## Provided entries
○ ○ ○ ○ ○
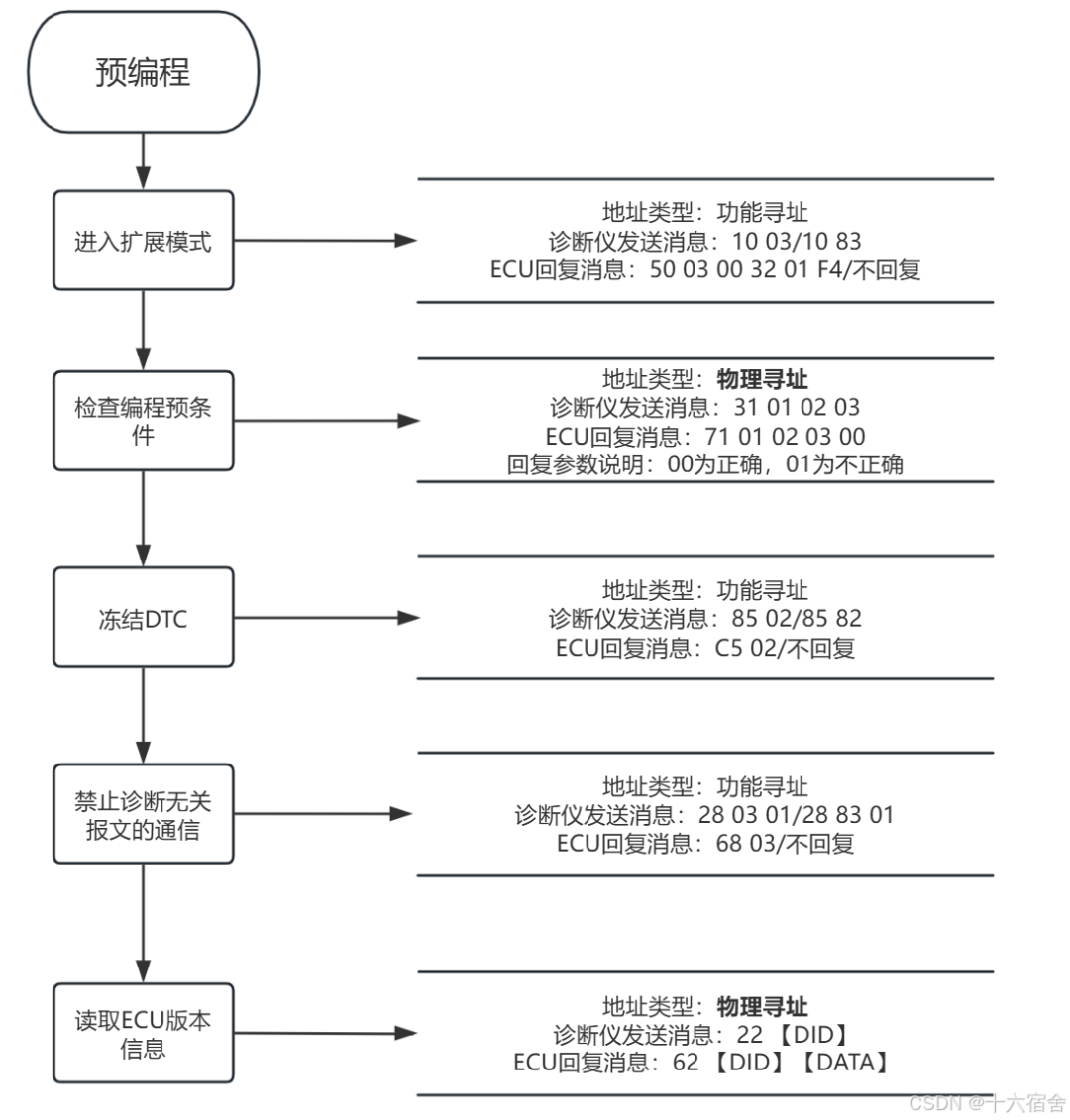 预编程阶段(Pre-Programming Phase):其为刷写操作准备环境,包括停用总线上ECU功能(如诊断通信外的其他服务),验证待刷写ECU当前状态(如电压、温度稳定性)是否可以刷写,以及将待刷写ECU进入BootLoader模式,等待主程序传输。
○ ○ ○ ○ ○
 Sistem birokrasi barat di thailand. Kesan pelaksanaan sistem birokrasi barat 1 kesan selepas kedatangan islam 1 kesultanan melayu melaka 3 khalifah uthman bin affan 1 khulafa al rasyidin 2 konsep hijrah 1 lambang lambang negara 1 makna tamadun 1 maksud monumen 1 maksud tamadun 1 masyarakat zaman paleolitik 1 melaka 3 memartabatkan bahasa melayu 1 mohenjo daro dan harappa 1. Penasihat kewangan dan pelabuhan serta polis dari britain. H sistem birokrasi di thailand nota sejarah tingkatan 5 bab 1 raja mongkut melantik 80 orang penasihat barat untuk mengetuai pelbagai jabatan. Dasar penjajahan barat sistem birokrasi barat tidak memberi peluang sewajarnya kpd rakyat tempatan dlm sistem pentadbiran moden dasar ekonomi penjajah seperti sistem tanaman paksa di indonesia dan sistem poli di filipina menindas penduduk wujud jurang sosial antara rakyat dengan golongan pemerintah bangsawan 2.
○ ○ ○ ○ ○
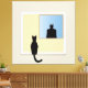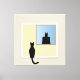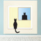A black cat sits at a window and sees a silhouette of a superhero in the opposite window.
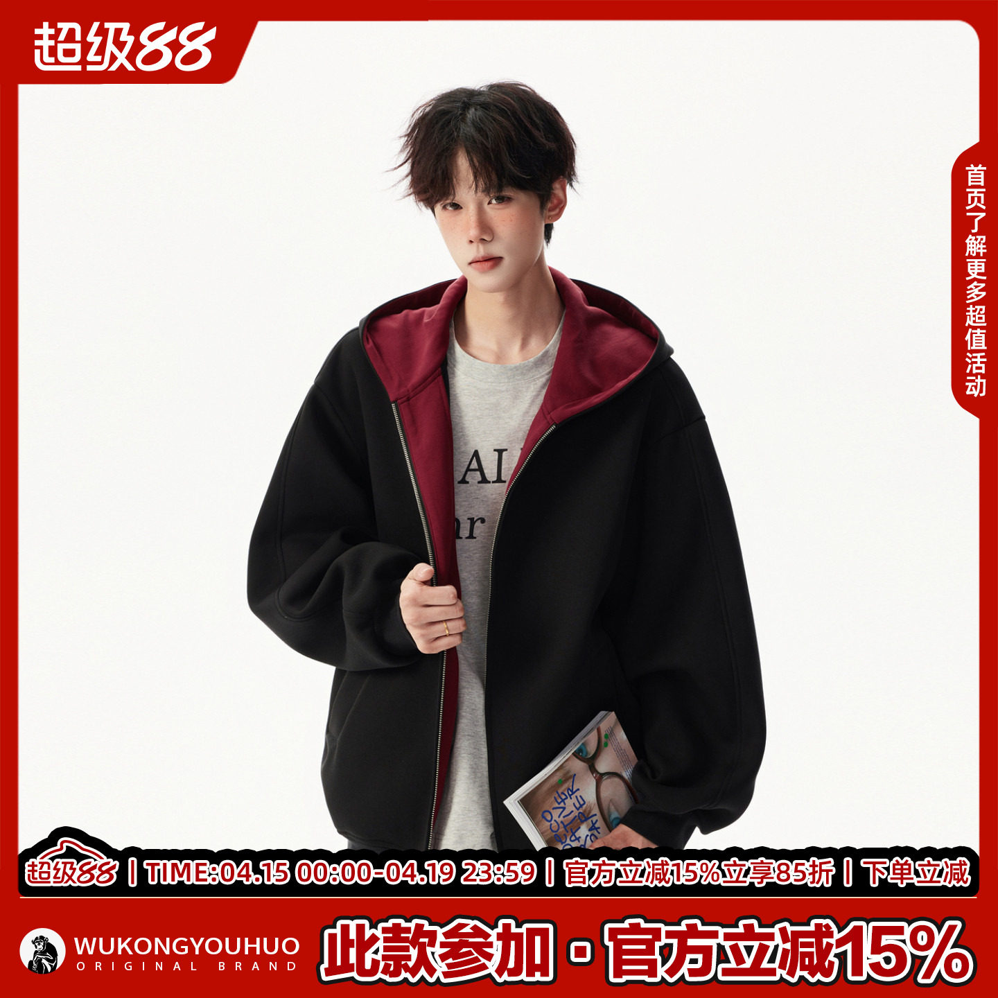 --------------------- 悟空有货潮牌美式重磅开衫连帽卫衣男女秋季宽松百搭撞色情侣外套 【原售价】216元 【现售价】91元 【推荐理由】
○ ○ ○ ○ ○
## Exercise details
Although pictures appear among the records above, none are to be output; print exactly the lines from the line containing "A black cat" through the line containing "--------------------- 悟空有货潮牌美式重磅开衫连帽卫衣男女秋季宽松百搭撞色情侣外套 【原售价】216元".

## Answer box
A black cat sits at a window and sees a silhouette of a superhero in the opposite window.
 --------------------- 悟空有货潮牌美式重磅开衫连帽卫衣男女秋季宽松百搭撞色情侣外套 【原售价】216元 【现售价】91元 【推荐理由】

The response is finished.